Фомин, ошеломленный этим нежданным приветствием, взглянув в ту сторону, откуда раздавалось оно, и увидел стойку, загроможденную всякой всячиной — самоваром, банками, окороками, бутылками — а за ней какого-то Пугачева, разбойника Чуркина, или, быть может, расстриженного монаха — словом, самого П. С. Маркова: это он сквозь немыслимые лохмища бурой бороды здоровался и прощался с посетителями. И Фомину вдруг стало весело и удобно. Протискиваясь в тесноте между спинками стульев, переступая через чьи-то вытянутые ноги, он забрался вглубь, поближе к эстраде и сел. Потный малый в пиджаке и сатиновой рубахе тотчас вырос перед ним.

— Пивца прикажете? — спросил он сиплым тенорком и наклонил голову, подставляя Фомину свое нечистое ухо.

— Нет, карточку дай, — ответил Фомин.

В следующую же секунду захватанный пальцами листок лежал перед ним. Непомерно высокие цены столбиками возвышались против замысловатых названий… Фомин просмотрел их и с отчетливым наслаждением, от которого сжималось горло и теснило дыхание, стал заказывать водку, закуску, жаркое.

Малый дослушал его, лукаво скосил глаза.

— Сию минутку приготовим, — сказал он, — только извиняюсь, денежки вперед пожалуйста, уж такая у нас мода.

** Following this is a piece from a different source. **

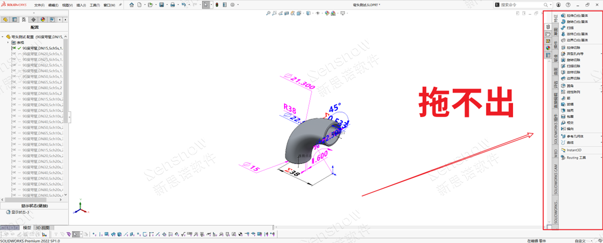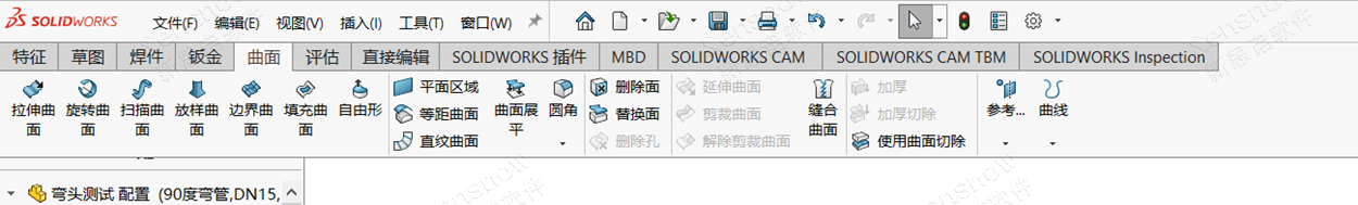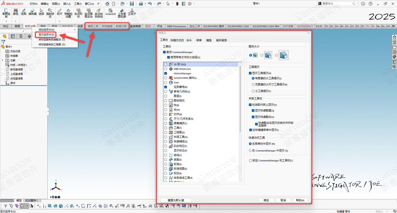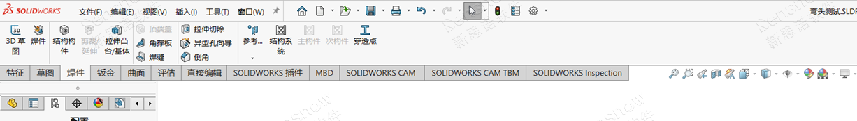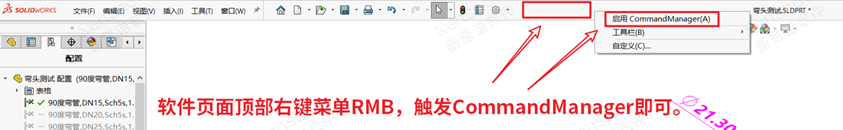 此处为 SOLIDWORKS 2021 版本增强功能【可折叠的CommandManager】,此功能与我们 Office 文档同理,是一个折叠功能区,为了展现更大的绘图区域,让不同习惯的用户可以自由切换。由 CommandManager 按钮区域页面右下角的小按钮进行控制;

Фомин без всякого сожаления отдал свой червонец. Глаза его снова, как давеча утром, блестели от возбуждения, и чем больше проникался он возбуждением этим, тем проще и веселей выглядело все. А как непохоже было здесь на недавний чинный порядок!.. Какими цветистыми шпалерами оклеены были стены, какие фикусы и пальмы красовались по углам! Вместо клубной пустоты все здесь было заполнено народом, черным-чернело пиджаками и шубами; раскрасневшиеся лица — усатые, бородатые и бритые — мелькали повсюду, куда ни взгляни; веселый хохот, звон посуды, пьяные возгласы, в которых решительно ничего нельзя было разобрать, ходором ходили под потолком в облаках пара и дыма… И не успел еще Фомин толком опомниться от всего этого, как вездесущий малый уже приволок ему сдачу, холодную, запотевшую полбутылку и тарелку с хлебом. Он аккуратно поддал под дно посудины, так, что пробка только наполовину вышла из горлышка, и исчез, как бы уносясь по воздуху.

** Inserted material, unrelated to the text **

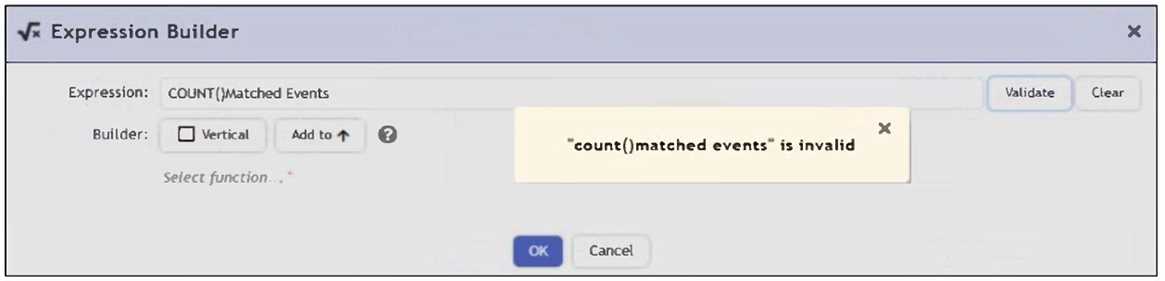 An analyst is trying to identify an issue using an expression based on the Expression Builder settings

Не в силах удержать свои губы, расползающиеся в счастливой, дурацкой улыбке, Фомин дополна налил рюмку, отломил кусок хлеба. Ему было немного совестно, что вот он не может дождаться закуски, но все же он выпил. Водка обожгла его блаженным огнем, и сразу шум и говор ближе придвинулись к нему… Уже не смущаясь, он налил вторую рюмку.

V

Между тем на эстраду, пестро разукрашенную холщевыми деревьями и кустами, один за другим поднимались музыканты.

Они заняли свои места перед убогим подобием пультов, зашелестели бумагой, раскрывая ноты. Пиликанье настраиваемой скрипки тонким жалом впилось в трактирную разноголосицу. Люди, точно отравленные тревожным ядом этого жала, притихли, поворачивая головы, откашливаясь, для чего-то снимая шапки — и целый ворох дружных и бойких звуков посыпался на них, как из мешка.

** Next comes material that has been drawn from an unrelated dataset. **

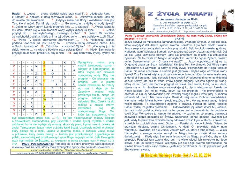 Hasła: 1. „Jezus … drogą siedział sobie przy studni”. 2. „Nadeszła /tam/ … z Samarii” 3. Kobieta, z którą rozmawiał Jezus. 4. Uczniowie Jezusa udali się do miasta dla zakupienia … 5. „Gdybyś znała dar Boży i /wiedziała/, kim jest Ten, kto ci mówi: Daj Mi się napić - … Go wówczas, a dałby ci wody żywej.” 6 „Daj mi tej wody, abym już nie pragnęła i nie … tu czerpać”. 7. „Woda, którą Ja mu dam, stanie się w nim źródłem wody wytryskającej ku życiu …” 8. „Jezus przybył do … samarytańskiego, zwanego Sychar” 9. „Wierz Mi, kobieto, że nadchodzi godzina, kiedy ani na tej górze, ani w … nie będziecie czcili Ojca”. 10. "Panie Ty jesteś prawdziwie Zbawicielem … " 11. "Nadchodzi jednak godzina, owszem już jest, kiedy to … czciciele będą oddawać cześć Ojcu w Duchu i prawdzie" 12. „Takich to … chce mieć Ojciec”. 13. „Wierzymy już nie dzięki twemu … na własne bowiem uszy usłyszeliśmy” 14. Kiedy Samarytanie przybyli do Jezusa, prosili Go, aby u nich … 15. „Daj nam wody żywej, byśmy nie …”. Jezus przy Z Ę O Y Spragniony studni Jakubowej, rozma x x x 2 K B A wiający z Samarytanką, to x x x 3 S A Y N A Ktoś więcej niż człowiek x x x x 4 Ż W O I x x spragniony wody. Bóg nas x x 5 P O I A Ś x x pragnie – On pierwszy nas x x 6 P Z C O Z A pragnie. Jest w jakimś x x x x x 7 W I Z E U sensie żebrakiem, bo zależy x 8 M A E Z A x x x od nas i daje po to. 9 Żebyśmy własną wolą J R Z L M E x x x powierzyli Mu to, czego On x x x x x x x x 10 Ś I A pragnie. Miłości pragnie x x x 11 P W Z I x x człowiek i Bóg. Czeka na akt x x x 12 C I I I x x miłości z naszej strony, x 13 O O A A U x x zwrócenie się do x 14 P Z T Ł x x x x x spragnionego Boga. On, x x x x 15 P A N I x x który jest spragniony, chce być upragnionym przez nas. … A - Ile jest nieporozumień między Bogiem a człowiekiem. Samarytanka, gdy usłyszała o wodzie żywej, myślała o wodzie źródlanej, bo ta nie wydaje się umarłą, skoro się pieni, tryska, szumi, ucieka jak życie. Tymczasem Jezus mówił o źródle łaski Bożej. Uczniowie mówili o chlebie, który piecze się z mąki, układa w koszyku, łamie, a przecież Jezus mówił o pokarmie, który posila duszę. – Trudno jest przetłumaczyć z greckiego na polski, ale trudniej jest przetłumaczyć język Boga na język ludzki. Cała Ewangelia uczy nas myśleć po Bożemu. [J. Twardowski, W świetle Ewangelii, wyd.: W drodze, s.312313]. MOJE POSTANOWIENIE: Pomodlę się o dobre przeżycie wielkopostnych rekolekcji oraz za tych, którzy mają szczególne opory, aby pójść do spowiedzi ... 1 x x x x x x x x x x e-mail : [email protected] http://www.stanislaw-bm.pl/ nr naszego konta: 23 2490 0005 0000 4500 1511 3922 [gazetka do użytku wew. Parafii] Św. Stanisława Biskupa na Woli; 01-244 Warszawa; ul. Bema 73/75, Kancelaria Parafialna czynna: poniedziałek - piątek godz. 9:00 - 10:00; 16:00 - 17:30 ; tel. 22 632 38 00 e-mail: [email protected] http://www.stanislaw-bm.pl/ Panie Ty jesteś prawdziwie Zbawicielem świata, daj nam wody żywej, byśmy nie pragnęli. (J 4,42.15) J 4,5-42 Jezus przybył do miasteczka samarytańskiego, zwanego Sychar, w pobliżu pola, które /niegdyś/ dał Jakub synowi swemu, Józefowi. Było tam źródło Jakuba. Jezus zmęczony drogą siedział sobie przy studni. Było to około szóstej godziny. Nadeszła /tam/ kobieta z Samarii, aby zaczerpnąć wody. Jezus rzekł do niej: Daj Mi pić! Jego uczniowie bowiem udali się przedtem do miasta dla zakupienia żywności. Na to rzekła do Niego Samarytanka: Jakżeż Ty będąc Żydem, prosisz mnie, Samarytankę, bym Ci dała się napić? … Jezus odpowiedział jej na to: O, gdybyś znała dar Boży i /wiedziała/, kim jest Ten, kto ci mówi: Daj Mi się napić - prosiłabyś Go wówczas, a dałby ci wody żywej. Powiedziała do Niego kobieta: Panie, nie masz czerpaka, a studnia jest głęboka. Skądże więc weźmiesz wody żywej? Czy Ty jesteś większy od ojca naszego Jakuba, który dał nam tę studnię, z której pił i on sam, i jego synowie i jego bydło? W odpowiedzi na to rzekł do niej Jezus: Każdy, kto pije tę wodę, znów będzie pragnął. Kto zaś będzie pił wodę, którą Ja mu dam, nie będzie pragnął na wieki, lecz woda, którą Ja mu dam, stanie się w nim źródłem wody wytryskającej ku życiu wiecznemu. Rzekła do Niego kobieta: Daj mi tej wody, abym już nie pragnęła i nie przychodziła tu czerpać. A On jej odpowiedział: Idź, zawołaj swego męża i wróć tutaj. A kobieta odrzekła Mu na to: Nie mam męża. Rzekł do niej Jezus: Dobrze powiedziałaś: Nie mam męża. Miałaś bowiem pięciu mężów, a ten, którego masz teraz, nie jest twoim mężem. To powiedziałaś zgodnie z prawdą. Rzekła do Niego kobieta: Panie, widzę, że jesteś prorokiem. … Odpowiedział jej Jezus: Wierz Mi, kobieto, że nadchodzi godzina, kiedy ani na tej górze, ani w Jerozolimie nie będziecie czcili Ojca. Wy czcicie to, czego nie znacie, my czcimy to, co znamy, ponieważ zbawienie bierze początek od Żydów. Nadchodzi jednak godzina, owszem już jest, kiedy to prawdziwi czciciele będą oddawać cześć Ojcu w Duchu i prawdzie, a takich to czcicieli chce mieć Ojciec. … Rzekła do Niego kobieta: Wiem, że przyjdzie Mesjasz, zwany Chrystusem. A kiedy On przyjdzie, objawi nam wszystko. Powiedział do niej Jezus: Jestem Nim Ja, który z tobą mówię. … Wielu Samarytan z owego miasta zaczęło w Niego wierzyć dzięki słowu kobiety świadczącej …. Kiedy więc Samarytanie przybyli do Niego, prosili Go, aby u nich pozostał. Pozostał tam zatem dwa dni. I o wiele więcej ich uwierzyło na Jego słowo, a do tej kobiety mówili: Wierzymy już nie dzięki twemu opowiadaniu, na własne bowiem uszy usłyszeliśmy i jesteśmy przekonani, że On prawdziwie jest Zbawicielem świata. Papież Franciszek - Drodzy bracia i siostry, niech w tym czasie Wielkiego Po

Хмель, сладостный и легкий, овладевал Фоминым. Огни дробились, искрились в глазах его, все чувства обострились, и каждая мельчайшая подробность, встававшая перед ним, приобретала особую отчетливость. Он тоже — при первых же звуках музыки — повернулся к эстраде и боком сел на стуле, чтобы удобней было смотреть и слушать.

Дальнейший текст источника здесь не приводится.